Another barometer of the state of the transition will be the rise of well-documented
APIs (for ‘‘Application Programming Interface’’) for the exchange of digital content
and related data, the emergence of controlled metadata vocabularies, and new
industry standards for the exchange of information that will enable diverse services
to interoperate. The extent to which cloud-based book publishing platforms promote
collaboration between partners at all points in the publishing value chain will
determine how the new technologies will support or restrict a robust publishing
industry.
The Changing Role of the Publishing IT Department
Cloud-based book publishing will not only reduce IT costs and enable users to get
better versions of the latest tools sooner. In addition, cloud infrastructure will force a
change in the role of the publishing IT department from that of a service shop that
builds and maintains infrastructure, to that of a governing body, with responsibilities
for the selection, integration, and management of hosted services. For the
foreseeable future, there will still be a great need for technically skilled individuals
who can perform these functions. One could argue that the right technology skill
sets may be essential to the very survival of many publishing houses as margins
from traditional product lines decline and the profitability of new digital ones
depends on content agility and low-cost product development.

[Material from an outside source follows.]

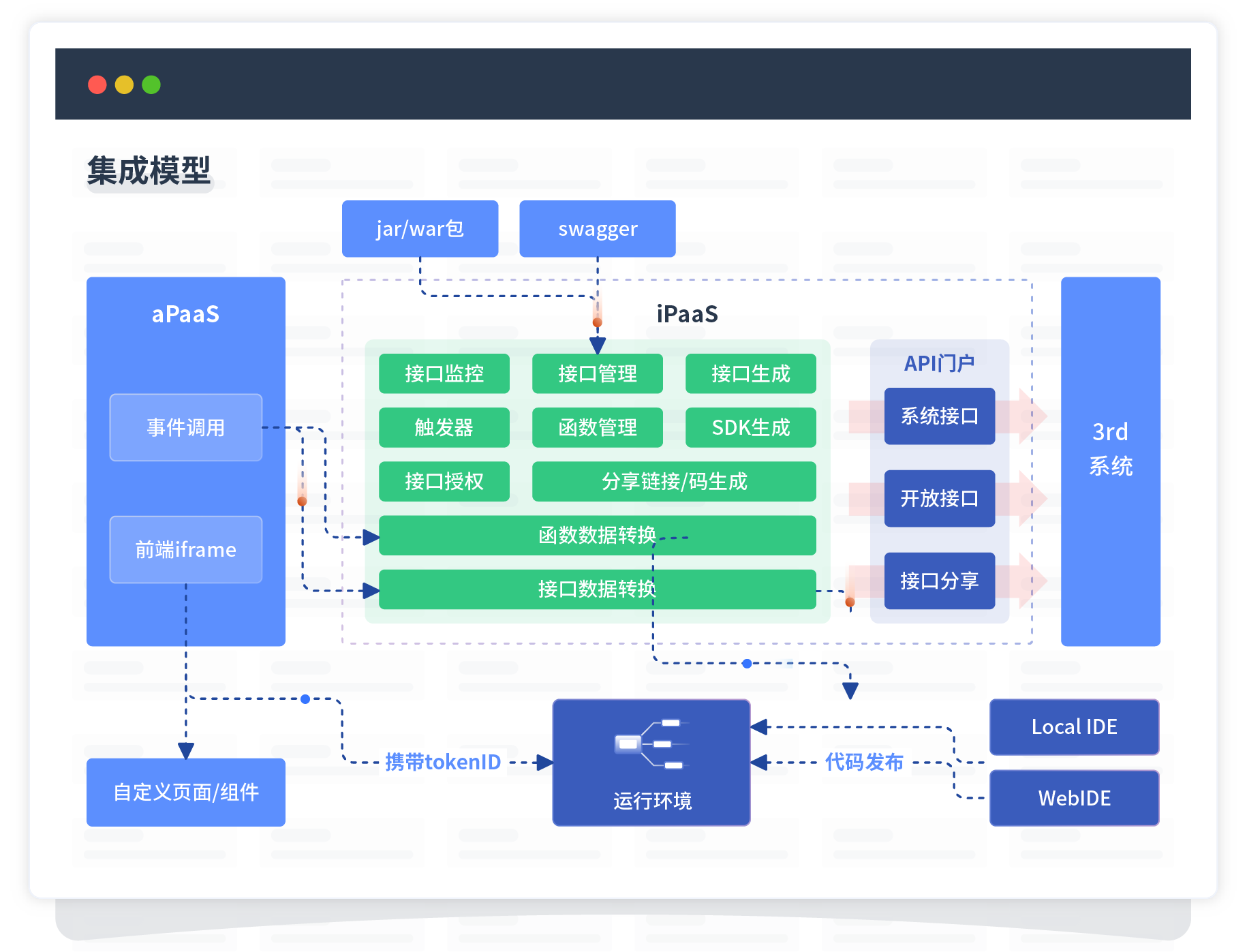 集成模型包括平台本身前、、、、、、后端能力的扩展,,,,,,,,,也支持通过API门户和第三方系统进行交互。。。。。。。。
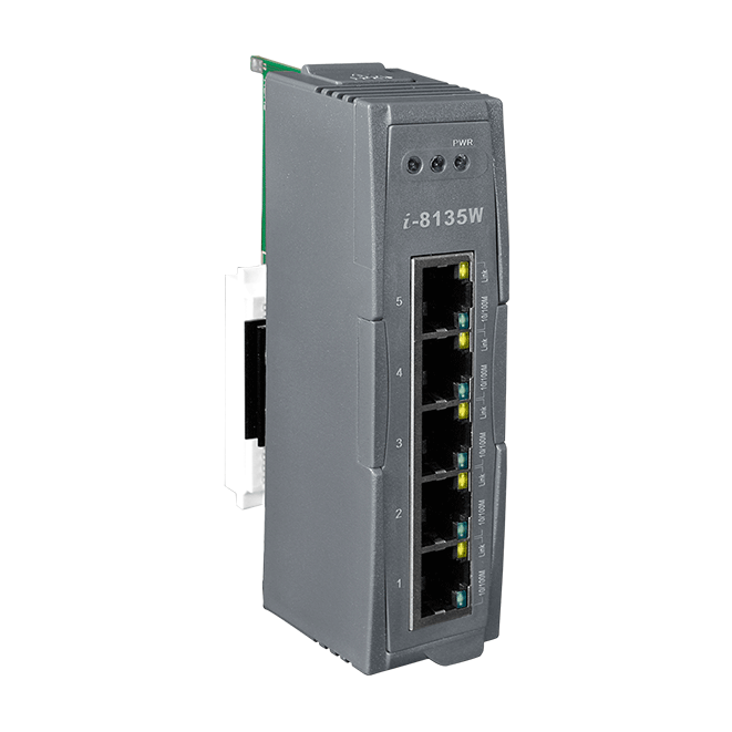 The ICP DAS I-8135W is a flexible and high performance five-port Ethernet switch module. It can be installed in PAC (XPAC, WinPAC, LinPAC, iPAC & ViewPAC) and directly gets power from the back-plane. An extra power adapter for an Ethernet switch is not need any more. In your PAC solutions, if you want to expand Ethernet connection, ICP DAS I-8135W is good to replace regular Ethernet switch to save installation space and power adapter.

It is one thing, to buy new technologies and another altogether to realize their full
benefits. New platforms will enable new workflows and methods and will inevitably
encounter resistance from users within the organization who are unable or unwilling
to adapt to them (or IT staff who fear SaaS models eroding their departmental
headcounts and control). The essential question here is whether IT professionals and
their managers are able to take a greater role when it comes to training, process
re-engineering, and promulgation of best practices than they may have in the past.
Their role is no longer to make sure the systems work and that workers can use
them, but to dynamically select, acquire and integrate a constantly changing set of
workplace tools. Can they foster an atmosphere where users expect continuous
improvement, rather than resist change? It’s a tall order. And unfortunately only one
of the many challenges we face as we continue to undergo the transformation from a
traditional, print-centric business to true digital book publishing.